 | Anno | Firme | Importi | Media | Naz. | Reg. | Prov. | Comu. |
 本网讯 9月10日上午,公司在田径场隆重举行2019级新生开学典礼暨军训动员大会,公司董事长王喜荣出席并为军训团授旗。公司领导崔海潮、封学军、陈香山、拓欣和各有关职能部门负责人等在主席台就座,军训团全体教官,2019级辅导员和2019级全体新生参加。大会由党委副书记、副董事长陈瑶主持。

==

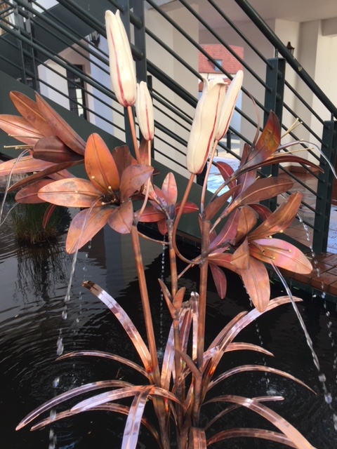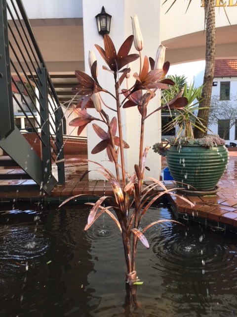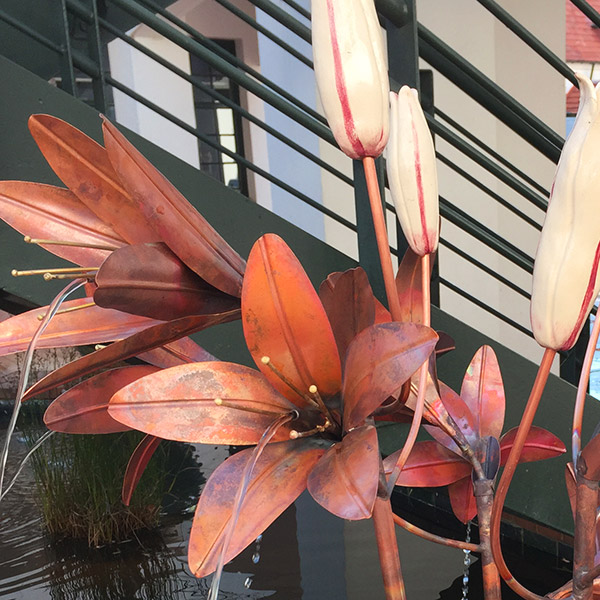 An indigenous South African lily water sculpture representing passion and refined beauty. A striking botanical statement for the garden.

> **TASK TO CARRY OUT**:
Which lines above run from the one containing "Prov. | Comu. |" down to the one containing "本网讯 9月10日上午,公司"? Repeat exactly those, both ends included, and nothing else.

> **ANSWER SECTION**:
 | Anno | Firme | Importi | Media | Naz. | Reg. | Prov. | Comu. |
 本网讯 9月10日上午,公司在田径场隆重举行2019级新生开学典礼暨军训动员大会,公司董事长王喜荣出席并为军训团授旗。公司领导崔海潮、封学军、陈香山、拓欣和各有关职能部门负责人等在主席台就座,军训团全体教官,2019级辅导员和2019级全体新生参加。大会由党委副书记、副董事长陈瑶主持。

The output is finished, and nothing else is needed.